Department of Chemical Engineering, Imperial College London, London SW7 2AZ, United Kingdom.
J Colloid Interface Sci. 2022 Nov;625:328-339. doi: 10.1016/j.jcis.2022.06.034. Epub 2022 Jun 9.
Predicting the surface tension (SFT)-log(c) profiles of hydrocarbon surfactants in aqueous solution is computationally non-trivial, and empirically challenging due to the diverse and complex architecture and interactions of surfactant molecules. Machine learning (ML), combining a data-based and knowledge-based approach, can provide a powerful means to relate molecular descriptors to SFT profiles.

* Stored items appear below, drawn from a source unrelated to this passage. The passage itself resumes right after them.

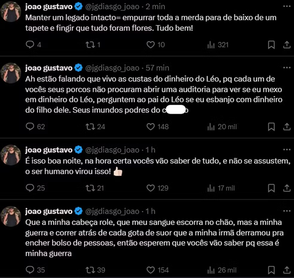 Gustavo ainda rebateu as acusações de que viva com a herança de Leo, filho de Marília. "Por que cada um de vocês, seus porcos, não procuram abrir uma auditoria para ver se mexo no dinheiro do Léo? Perguntem ao pai se esbanjo dinheiro do filho dele, seus imundos, podres do car**ho", disse revoltado.
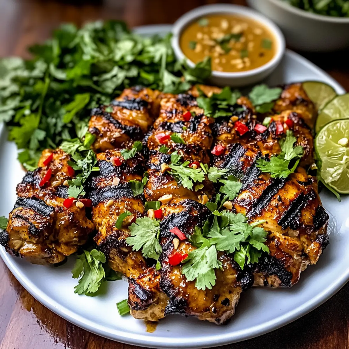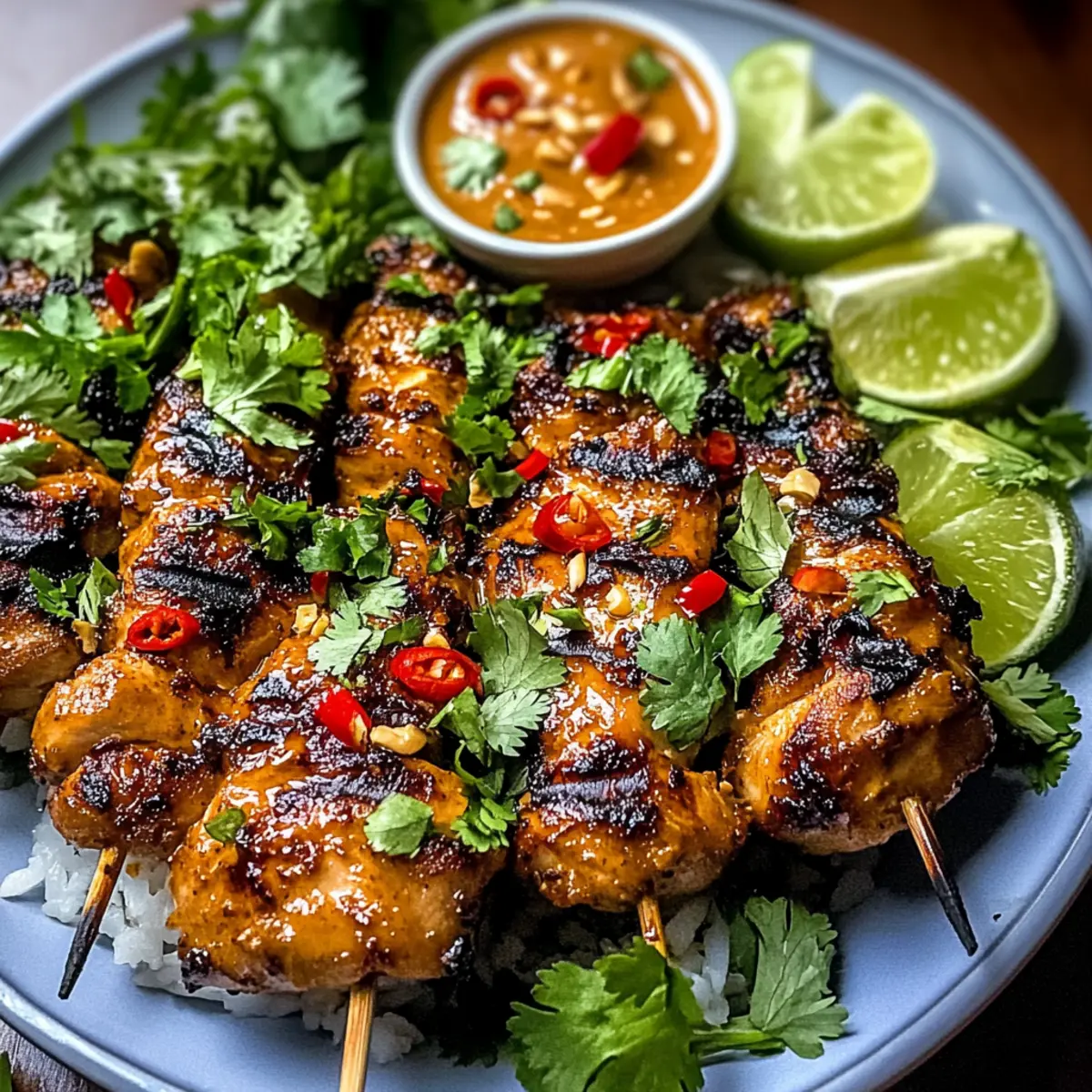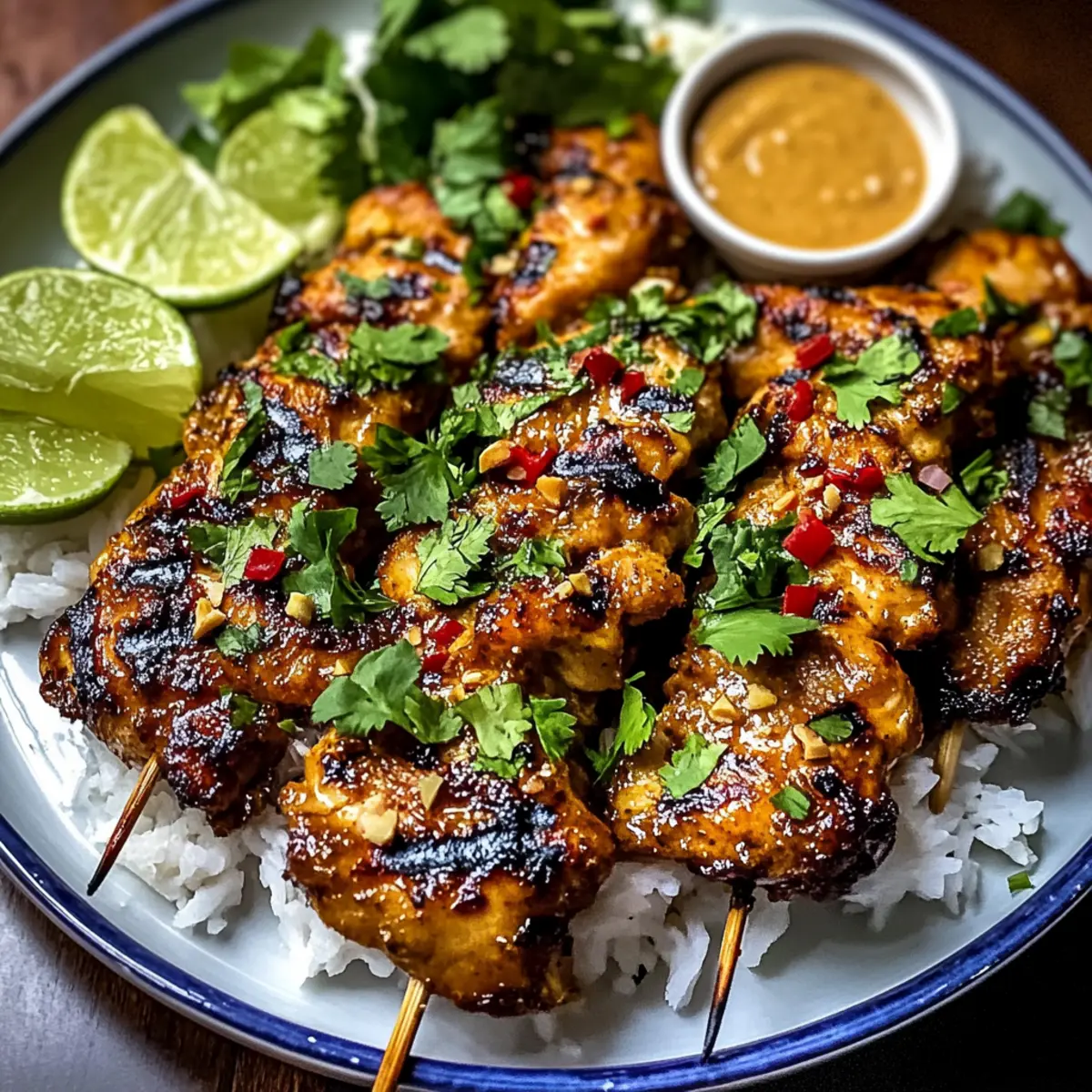 Jump to Recipe Print RecipeThe sizzle of marinated chicken hitting a hot grill always promises something special. Today, we’re taking that excitement up a notch with my Spicy Thai Grilled Peanut Chicken Skewers. This recipe is perfect for beginner cooks looking to impress guests or simply treat themselves to something extraordinary during the week. With just a two-hour marinade time, you can whip up tender chicken thighs drenched in a creamy peanut sauce that caramelizes to perfection. Not only are these skewers a colorful addition to any dinner table, but they also offer the convenience of a quick prep—ideal for bustling weeknights or lazy weekend gatherings. Are you ready to take your grilling game to the next level? Let’s dive into the flavorful world of these irresistible skewers! Why Are Thai Chicken Skewers So Popular? Irresistible Flavors: Each skewer is packed with a mouthwatering blend of savory peanut sauce, zesty lime, and aromatic spices that create an unforgettable taste experience. Quick and Easy: With just a two-hour marinade, you can transform simple chicken thighs into an enticing dish—perfect for weeknight dinners or casual get-togethers. Versatile Pairings: Serve these skewers with fragrant jasmine rice or rice noodles for a complete meal. Looking for more ideas? Try pairing them with Chicken Broccoli Sizzling for a delightful twist! Crowd-Pleasing Appeal: Whether you’re hosting a barbecue or enjoying a quiet dinner, everyone will love these tender, juicy skewers that please even the pickiest eaters. Beginner-Friendly: You don’t need to be a culinary expert to impress; these flavorful skewers make cooking fun and accessible for all skill levels! Spicy Thai Grilled Peanut Chicken Ingredients • For the Marinade Chicken Thighs – Tender protein base; can substitute with chicken breasts, but they may dry out more easily. Soy Sauce – Adds umami and saltiness; ensure you use gluten-free for a gluten-free option. Fish Sauce – Provides a deep savory flavor; optional for strict vegetarians. Lime Juice – Adds acidity and brightness; freshly squeezed is best! Brown Sugar – Balances heat with sweetness; alternatives include honey or maple syrup. Ground Chili Paste – Supplies heat and depth; adjust to taste for your desired spiciness level. Minced Garlic – Enhances aromatic flavor; fresh garlic is recommended for potency. Minced Ginger – Contributes warmth and spice; fresh ginger is ideal for robust flavor. • For the Sauce Peanut Butter – Forms the base of the creamy sauce; can substitute with almond butter for variation. Coconut Milk – Creates a rich sauce texture; opt for light coconut milk for a lower-calorie option. • For Garnishing Cilantro – Fresh herb to enhance flavor; optional for garnish. Get ready to grill up some mouthwatering Spicy Thai Grilled Peanut Chicken skewers that are bound to impress! Step‑by‑Step Instructions for Spicy Thai Grilled Peanut Chicken Skewers Step 1: Prepare the Marinade In a large mixing bowl, combine soy sauce, fish sauce, lime juice, brown sugar, and ground chili paste, mixing thoroughly until the sugar dissolves. This rich marinade infuses the chicken with flavor, so take a moment to ensure it’s well blended and fragrant. Step 2: Add Aromatics Stir in minced garlic, grated ginger, and chopped cilantro into the marinade, integrating the fresh herbs and spices for added depth. With colors and aromas coming together, your marinade is now ready to elevate your Spicy Thai Grilled Peanut Chicken skewers. Step 3: Marinate the Chicken Add the chicken thighs to the marinade, ensuring they are entirely coated. Cover the bowl tightly with plastic wrap or transfer to a resealable bag, letting it rest in the refrigerator for at least two hours—or even overnight for deeper flavor. Step 4: Whisk the Peanut Sauce In a separate bowl, whisk together peanut butter and coconut milk until smooth and creamy. Adjust the consistency if needed by adding a little more coconut milk, then set the sauce aside so it’s ready for basting during grilling. Step 5: Preheat the Grill Preheat your grill to medium-high heat, aiming for a temperature of around 400°F. This will create the perfect searing environment for the skewers, ensuring they cook through while developing a gorgeous caramelized crust. Step 6: Skewer the Chicken Remove the marinated chicken from the refrigerator and thread it onto skewers, leaving some space between pieces for heat circulation. The skewered chicken should look vibrant and well-coated with the marinade, setting the stage for delightful grilling. Step 7: Grill the Skewers Place the chicken skewers on the hot grill and cook for 5–7 minutes on each side. You want to achieve a golden-brown exterior while ensuring the chicken reaches an internal temperature of 165°F for safe consumption. Step 8: Baste with Peanut Sauce During the last few minutes of grilling, brush your prepared peanut sauce over the chicken skewers. The sauce will caramelize beautifully, enhancing the flavor of your Spicy Thai Grilled Peanut Chicken skewers while adding a lovely glossy finish. Step 9: Let Them Rest Once grilled to perfection, remove the skewers from the heat and let them rest for about 2 minutes. This brief resting period allows the juices to redistribute, keeping your chicken tender and delicious. Step 10: Serve and Enjoy Serve the skewers hot, drizzled with any remaining peanut sauce and garnished with fresh cilantro for a burst of color. Pair them with jasmine rice or your choice of side to create a delightful meal that’s sure to impress everyone at your table. How to Store and Freeze Spicy Thai Grilled Peanut Chicken Fridge: Place any leftover skewers in an airtight container in the refrigerator for up to 3 days; this keeps the flavors fresh while maintaining the chicken’s juiciness. Freezer: For longer storage, wrap the cooled skewers tightly in plastic wrap and then in aluminum foil, freezing them for up t
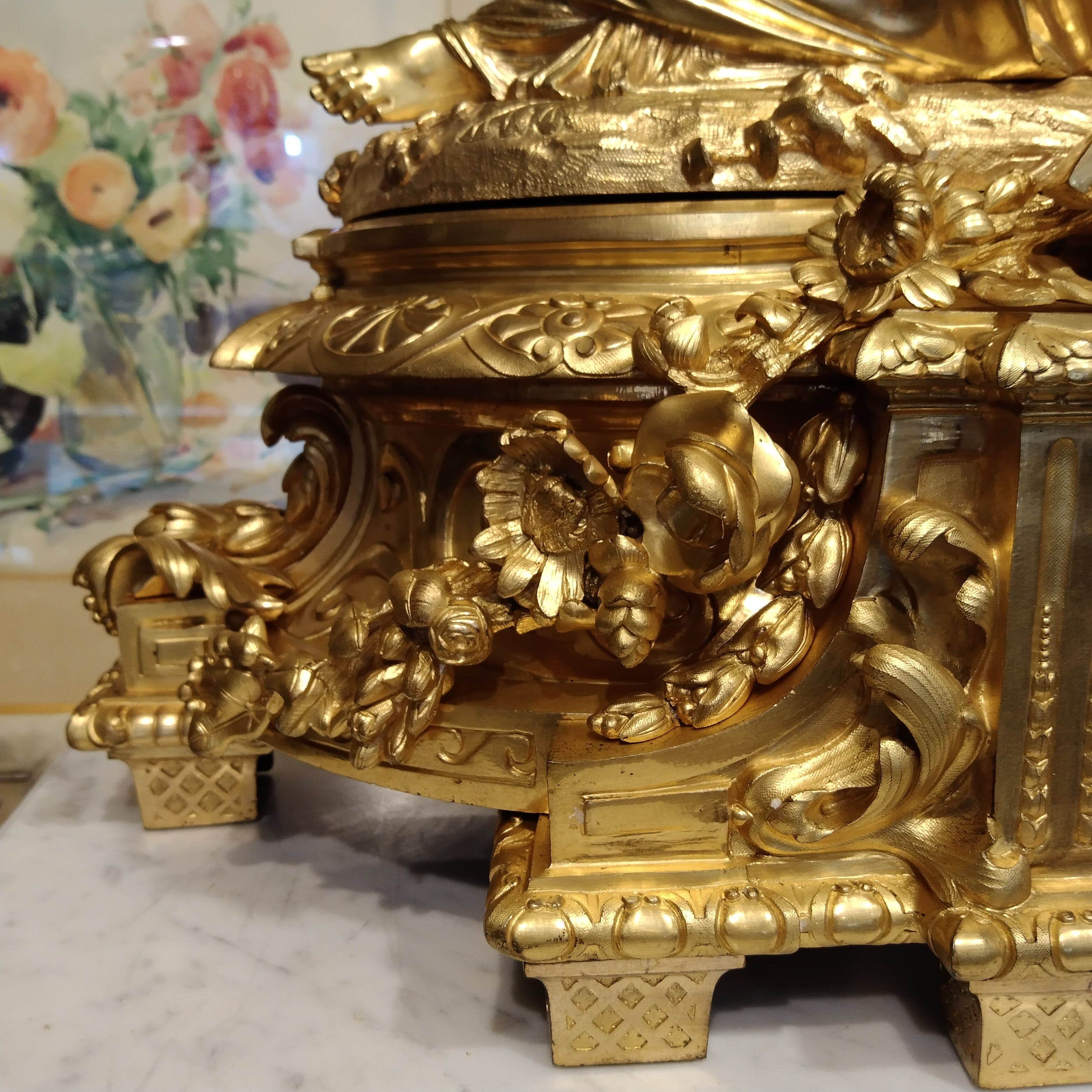 Bellísimo y elegante reloj francés de bronce Ormolú, con delicados decorados con motivos florales , tallados en toda su superficie. La figura representa la popular escena mitológica de Venus desarmando a Cupido.

A dataset of SFT for 154 model hydrocarbon surfactants at 20-30 °C is fitted to the Szyszkowski equation to extract three characteristic parameters (Γ,K and critical micelle concentration (CMC)) which are correlated to a series of 2D and 3D molecular descriptors. Key (∼10) descriptors were selected by removing co-correlation, and employing a gradient-boosted regressor model to rank feature importance and carry out recursive feature elimination (RFE). The hyperparameters of each target-variable model were fine-tuned using a randomised cross-validated grid search, to improve predictive ability and reduce overfitting.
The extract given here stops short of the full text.